> WORK ITEM:
Set down the final stretch of the data, from the line that holds "Two 12 foot" through the last line, both included, with pictures left out.

(Source records)
----------

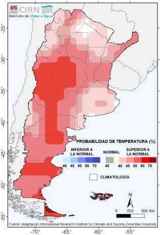 Se prevén valores superiores a lo habitual en gran parte del territorio nacional. Las probabilidades de ocurrencia de un trimestre más cálido son mayores al 50% en las provincias del centro-oeste y sur del país.
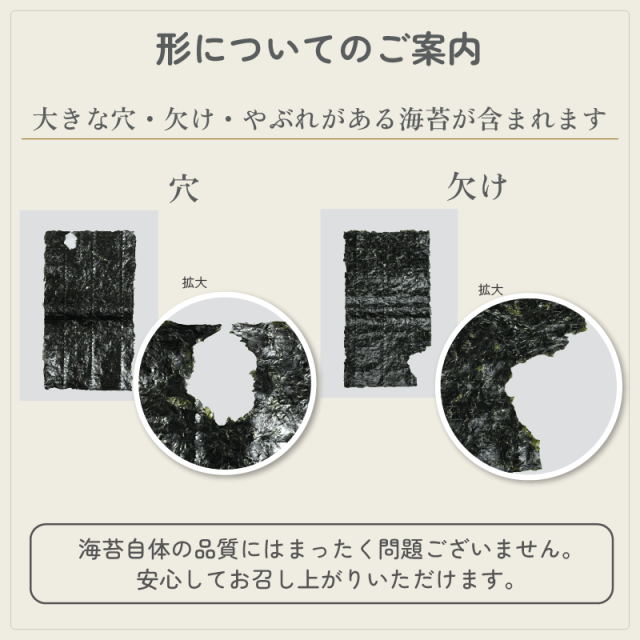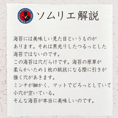 穴や欠けの多い原料をあえて選び、海苔本来の香りと旨みを追求しました。
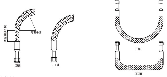 通过足够的软管长度分散运动和防止产生小于预留软管弯曲半径的弯曲。
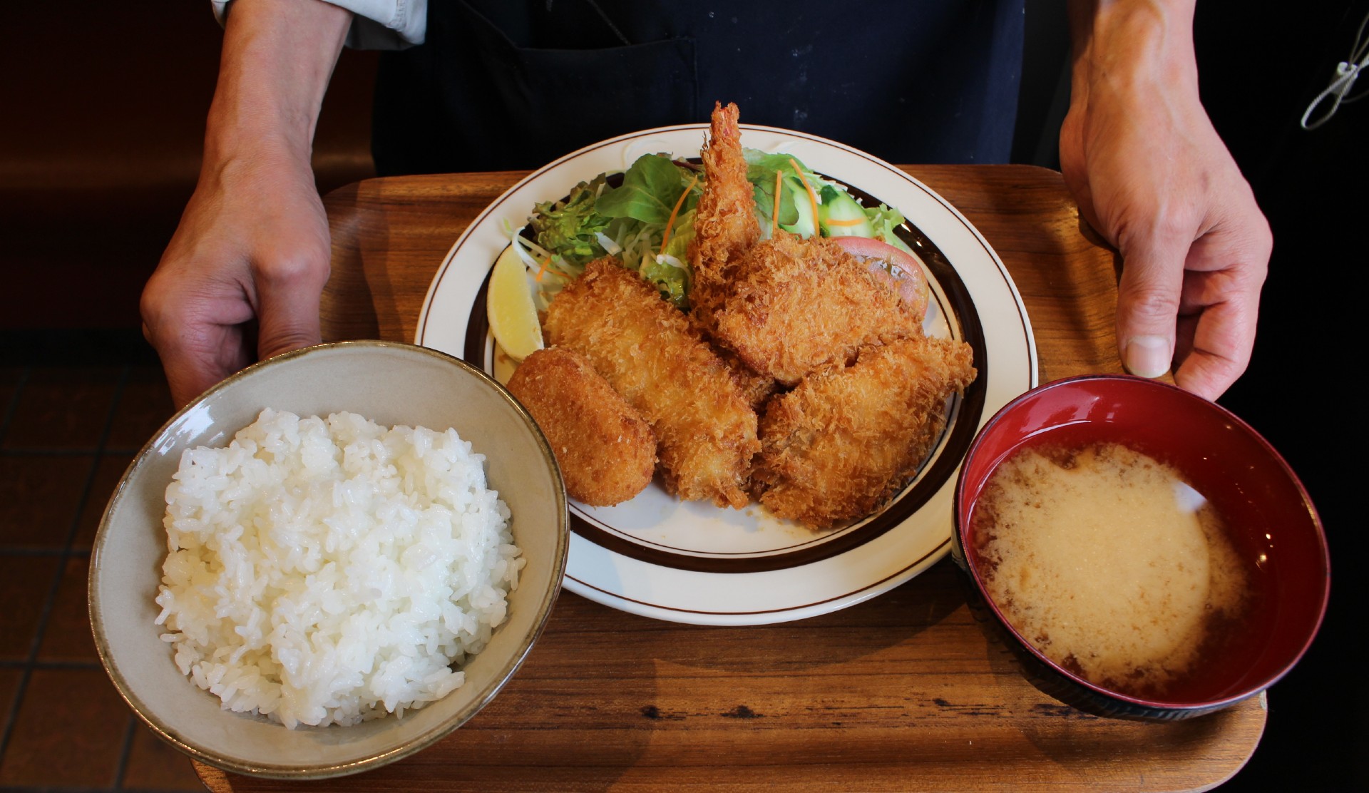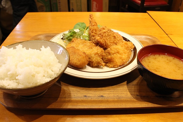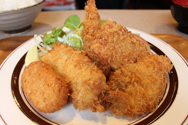 こちらがその「シーフードミックスフライ」960円。大ぶりのエビにクリームコロッケ、サーモン2切れ、イカと、5種類の揚げたて熱々のフライ。信頼の業者から仕入れたり、晴久さんが自ら吟味した厳選食材を使用。冬にはサーモン一切れがカキフライに変わります。
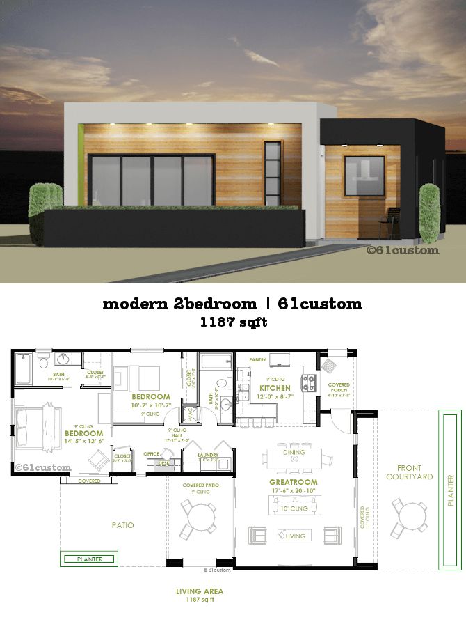 Two 12 foot doors open the greatroom up to a front courtyard and a generous backyard patio which makes this a great house plan for entertaining. This modern and luxurious bungalow house plan has two bedrooms and two toilet and baths. 86 m a compact modern two bedroom house with large kitchen https z500 pl projekt 672 zx105 kompaktowy dom w nowoczesnym stylu z dwiema sypialniami i duz. For instance a contemporary house plan might feature a woodsy craftsman exterior a modern open layout and rich outdoor living space.
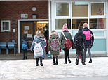 Gavin Williamson is drawing up plans for a phased return to school which could begin before Easter. Pictured: Children arrive at Manor Park School and Nursery in Knutsford, Cheshire, earlier this month

----------

> RESULT FOR THIS EXERCISE:
 Two 12 foot doors open the greatroom up to a front courtyard and a generous backyard patio which makes this a great house plan for entertaining. This modern and luxurious bungalow house plan has two bedrooms and two toilet and baths. 86 m a compact modern two bedroom house with large kitchen https z500 pl projekt 672 zx105 kompaktowy dom w nowoczesnym stylu z dwiema sypialniami i duz. For instance a contemporary house plan might feature a woodsy craftsman exterior a modern open layout and rich outdoor living space.
 Gavin Williamson is drawing up plans for a phased return to school which could begin before Easter. Pictured: Children arrive at Manor Park School and Nursery in Knutsford, Cheshire, earlier this month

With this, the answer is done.